The violent urgency melted away, replaced by a warm, cascading, serene euphoria. The throbbing, painful pressure evaporated, leaving behind a lightness of being he never knew was possible. He leaned his forehead against the cool partition, a slow, blissful, effortless smile spreading across his face.

It was a smile of pure, unadulterated joy. It was more genuine than the smile on his wedding photo, more profound than the smile after his first promotion. This was primal. This was real. This was nirvana, achieved not through meditation, but through release.



In that moment, Arvind Sharma understood the universe. You could have all the agile projects, all the clean code, and all the Diwali bonuses in the world. But true, soul-deep happiness, the kind that makes you want to weep with gratitude, is simply the unimpeded right to answer a fundamental call of nature at the exact moment it is called.

He zipped up, a man reborn. He washed his hands, catching his own eye in the mirror. The pale, wild-eyed man was gone. He walked back to his desk, his gait easy, his soul washed clean. Priya and Meera were gone. The folders remained.
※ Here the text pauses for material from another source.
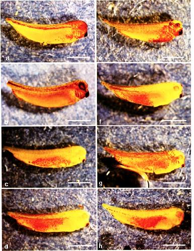FIG. 2. Stage 33/34 embryos in which a single 32-cell stage blastomere was injected with HRP. Blastomeres from different regions of the embryo (depicted in 2i) were chosen to illustrate the characteristic labeling patterns. The epidermis was removed and the entire embryo histochemically reacted. Progeny of the injected blastomere are brown. Black melanocytes surround the retina, CNS, and dorsal gut; proctodeal and cement gland cells also contain melanin pigment granules. Therefore, these structures may appear pigmented even though they do not contain HRP-labeled progeny. The locations of the organs in the tailbud embryos are depicted in 2j. Bars equal 1 mm. (a) D1.2.1. Labeled progeny populate the cement gland, olfactory placode, retina, lens, cranial ganglia, otocyst, brain and spinal cord, dorsal head mesenchyme, branchial arches, heart, head somites, central trunk somites, ventral gut, and liver. Note how different the distribution of labeled cells is compared to that of a neighboring cell shown in 2e. (b) D1.1.2. Labeled progeny populate the retina, cranial ganglia, brain and spinal cord, dorsal head mesenchyme, branchial arches, heart, notochord, head somites, and central trunk somites. The progeny distribution is distinct from that of the other dorsal animal pole blastomere (2a) and very different from the other tier 2 blastomere (2f). (c) D2.1.1. Labeled progeny in this specimen populate one branchial arch, heart, liver, and gut. The distribution of its progeny is different from that of a neighbor cell in the same tier (Zd). (d) D2.2.1. Labeled progeny in this specimen populate spinal cord, trunk somites, nephrotome, lateral plate, and gut. Many of the labeled structures lie deep to other labeled structures and thus are not distinctly identifiable at the focal plane of the photomicrograph (e.g., spinal cord, archenteron roof, nephrotome). The distribution of the progeny of D2.2.1 is distinctly different from those of its two tier 4 neighbors (2~ and 2h). (e) V1.2.1. Labeled progeny in this specimen populate the cement gland, olfactory placode, lens, three distinct cranial ganglia (rostra1 to caudal: V, VII, IX/X), otocyst, dorsal brain, dorsal spinal cord, branchial arches, heart, a few cells in the trunk somites, nephrotome, rostra1 lateral plate, liver, and ventral gut. The distribution of its progeny is very different from that of its neighbor (2a) and from that of the other ventral animal pole blastomere (2f). (f) V1.1.2. Labeled progeny in this specimen populate caudal trunk and tail structures. Those that can be clearly identified in the photomicrograph are dorsal and ventral trunk somite, lateral plate mesoderm, ventral gut, and proctodeum. (g) V2.2.2. Labeled progeny in this specimen populate cranial ganglia, otocyst, dorsal CNS, dorsal head mesenchyme, branchial arches, somites, nephrotome, lateral plate, gut, and proctodeum. The distribution of its progeny is distinct from that of its sister cell (2h). (h) Labeled progeny in this specimen can most clearly be identified in ventral tail somite, nephrotome, lateral plate, gut, and proctodeum. |

He sat down, cracked his knuckles, and looked at his code. It was just code. Life was more. He had faced the abyss and returned, wiser. And he made a new vow, a personal dharma for Arvind Sharma, effective immediately: no amount of hierarchy, no project deadline, and certainly no second cup of chai, would ever come between him and the call of the divine relief again. Some values, he now knew, were truly non-negotiable.